Il carattere proprio di questo mondo manzoniano è l'esaltazione lirica, ciò che gli antichi cristiani chiamavano «estasi» e i moderni dicono «intimità», - cioè lo stare nel corpo eppure vivere fuori di esso, il sentire in sé l'anticipazione del mondo futuro, il contemplare non quello che è intorno a noi, ma quello che noi desideriamo. Così si ha da una parte l’«eroico», dall'altra il «lirico», in questo mondo poetico.
Finché Manzoni ha innanzi la storia divina, finché il suo eroe è Gesù Cristo, la sua eroina Maria, la cosa va. È una storia divina, in cui è rappresentato quel mondo divino. Ma il grande problema di Manzoni è realizzare quell'ideale nella storia umana.
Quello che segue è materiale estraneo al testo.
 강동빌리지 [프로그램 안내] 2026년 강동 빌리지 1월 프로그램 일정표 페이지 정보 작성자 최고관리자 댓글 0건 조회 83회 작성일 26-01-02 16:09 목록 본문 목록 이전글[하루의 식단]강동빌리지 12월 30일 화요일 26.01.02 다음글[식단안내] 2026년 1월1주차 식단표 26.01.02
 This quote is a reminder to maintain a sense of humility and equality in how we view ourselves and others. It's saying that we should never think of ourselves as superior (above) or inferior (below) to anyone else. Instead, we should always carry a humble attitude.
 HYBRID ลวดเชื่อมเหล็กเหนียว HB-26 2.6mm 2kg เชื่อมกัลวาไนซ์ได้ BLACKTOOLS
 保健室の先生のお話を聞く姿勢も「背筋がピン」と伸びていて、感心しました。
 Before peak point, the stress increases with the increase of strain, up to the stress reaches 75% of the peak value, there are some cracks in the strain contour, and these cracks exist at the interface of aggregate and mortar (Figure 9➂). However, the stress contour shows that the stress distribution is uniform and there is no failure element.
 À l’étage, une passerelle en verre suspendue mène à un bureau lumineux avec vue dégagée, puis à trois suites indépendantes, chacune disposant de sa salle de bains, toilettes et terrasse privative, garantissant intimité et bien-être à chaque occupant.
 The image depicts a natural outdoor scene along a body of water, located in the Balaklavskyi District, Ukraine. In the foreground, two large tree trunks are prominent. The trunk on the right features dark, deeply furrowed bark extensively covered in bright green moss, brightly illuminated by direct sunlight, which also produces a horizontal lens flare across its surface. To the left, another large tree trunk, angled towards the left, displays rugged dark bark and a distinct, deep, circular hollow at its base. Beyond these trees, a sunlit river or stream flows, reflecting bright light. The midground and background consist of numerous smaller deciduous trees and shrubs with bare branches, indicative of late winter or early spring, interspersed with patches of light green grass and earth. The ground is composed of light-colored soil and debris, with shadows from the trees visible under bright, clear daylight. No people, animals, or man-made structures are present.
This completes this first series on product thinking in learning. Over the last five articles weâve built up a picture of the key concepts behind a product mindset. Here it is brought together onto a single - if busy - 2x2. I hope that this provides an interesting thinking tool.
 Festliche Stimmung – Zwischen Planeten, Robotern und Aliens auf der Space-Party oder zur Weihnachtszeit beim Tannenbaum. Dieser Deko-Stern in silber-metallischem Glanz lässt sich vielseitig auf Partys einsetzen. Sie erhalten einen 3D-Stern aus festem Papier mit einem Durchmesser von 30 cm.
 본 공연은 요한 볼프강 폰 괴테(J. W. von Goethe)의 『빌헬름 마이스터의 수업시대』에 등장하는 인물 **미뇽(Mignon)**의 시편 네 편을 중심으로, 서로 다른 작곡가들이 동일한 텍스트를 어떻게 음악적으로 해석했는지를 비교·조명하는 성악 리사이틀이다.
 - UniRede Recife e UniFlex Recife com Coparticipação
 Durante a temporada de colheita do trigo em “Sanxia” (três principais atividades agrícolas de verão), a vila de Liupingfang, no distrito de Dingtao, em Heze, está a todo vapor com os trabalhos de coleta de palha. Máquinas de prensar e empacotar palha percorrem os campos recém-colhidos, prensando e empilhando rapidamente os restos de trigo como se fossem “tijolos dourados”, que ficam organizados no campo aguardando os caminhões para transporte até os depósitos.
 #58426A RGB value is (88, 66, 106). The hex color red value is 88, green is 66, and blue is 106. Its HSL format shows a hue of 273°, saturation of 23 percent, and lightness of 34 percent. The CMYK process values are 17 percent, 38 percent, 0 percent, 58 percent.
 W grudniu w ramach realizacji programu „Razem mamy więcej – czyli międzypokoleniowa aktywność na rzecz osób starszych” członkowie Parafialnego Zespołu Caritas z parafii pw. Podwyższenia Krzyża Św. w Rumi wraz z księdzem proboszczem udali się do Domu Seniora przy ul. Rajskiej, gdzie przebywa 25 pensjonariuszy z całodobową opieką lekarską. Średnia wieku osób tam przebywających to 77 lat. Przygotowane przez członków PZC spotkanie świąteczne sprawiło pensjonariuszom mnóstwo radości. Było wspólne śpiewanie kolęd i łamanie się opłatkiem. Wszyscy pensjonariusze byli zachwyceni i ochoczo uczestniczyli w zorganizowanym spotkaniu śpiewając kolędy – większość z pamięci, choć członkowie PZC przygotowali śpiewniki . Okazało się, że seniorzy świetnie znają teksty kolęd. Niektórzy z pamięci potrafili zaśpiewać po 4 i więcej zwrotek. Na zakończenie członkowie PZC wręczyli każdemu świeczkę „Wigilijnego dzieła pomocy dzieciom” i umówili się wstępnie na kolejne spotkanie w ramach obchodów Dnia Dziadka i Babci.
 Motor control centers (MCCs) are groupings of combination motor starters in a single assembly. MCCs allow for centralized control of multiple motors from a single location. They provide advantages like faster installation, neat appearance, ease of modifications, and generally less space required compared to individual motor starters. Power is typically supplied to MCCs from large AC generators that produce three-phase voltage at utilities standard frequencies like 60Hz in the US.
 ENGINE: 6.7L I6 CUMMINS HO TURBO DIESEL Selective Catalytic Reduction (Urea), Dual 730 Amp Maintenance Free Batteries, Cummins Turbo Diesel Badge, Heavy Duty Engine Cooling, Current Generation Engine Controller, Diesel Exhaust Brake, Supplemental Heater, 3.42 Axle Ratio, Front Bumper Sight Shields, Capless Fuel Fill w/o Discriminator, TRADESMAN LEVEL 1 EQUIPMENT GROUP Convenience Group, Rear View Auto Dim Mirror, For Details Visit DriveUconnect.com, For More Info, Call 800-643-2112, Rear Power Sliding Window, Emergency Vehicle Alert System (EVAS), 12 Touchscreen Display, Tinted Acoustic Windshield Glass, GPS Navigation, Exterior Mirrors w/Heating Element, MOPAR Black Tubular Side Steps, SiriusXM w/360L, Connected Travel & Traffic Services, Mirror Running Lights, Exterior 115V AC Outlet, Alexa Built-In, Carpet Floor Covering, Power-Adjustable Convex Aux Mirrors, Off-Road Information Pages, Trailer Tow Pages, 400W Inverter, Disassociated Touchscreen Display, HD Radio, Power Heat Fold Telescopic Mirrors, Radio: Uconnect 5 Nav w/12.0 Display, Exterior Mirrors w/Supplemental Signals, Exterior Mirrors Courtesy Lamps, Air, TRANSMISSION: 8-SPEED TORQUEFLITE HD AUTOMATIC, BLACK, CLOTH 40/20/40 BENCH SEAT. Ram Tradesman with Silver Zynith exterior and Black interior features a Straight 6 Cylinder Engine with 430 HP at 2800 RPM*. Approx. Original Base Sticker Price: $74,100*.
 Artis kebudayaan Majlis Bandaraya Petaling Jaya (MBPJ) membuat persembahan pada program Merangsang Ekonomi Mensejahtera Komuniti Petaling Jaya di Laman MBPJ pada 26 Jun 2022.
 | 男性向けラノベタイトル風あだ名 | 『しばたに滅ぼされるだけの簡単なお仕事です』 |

Quando vuol rendere dramma o romanzo il suo mondo epico-lirico, gli si presenta un altro mondo diverso, il «vero storico», come egli lo chiama. Che farà Manzoni per realizzarlo artisticamente? Entreremo nel positivo e vi mescoleremo l'ideale? Questo per lui sarebbe un violare e profanare il positivo, e rimprovera appunto ad Alfieri l'aver gettato principii politici, filosofici, sociali nella storia, il non aver rispettato il reale, essersene servito come semplice materiale in cui ha gettato la sua fantasia.
Grande difficoltà nasce qui nella poetica di Manzoni. Egli ha grande rispetto pel positivo, ed ha nell'anima il mondo ideale, morale e religioso. Come mai questo ideale potrà essere realizzato? Come può farsi senza adulterare la verità positiva?
Manzoni comincia dal determinare che il mondo positivo caccia da sé l'ideale, non appartiene all'arte, ma alla storia.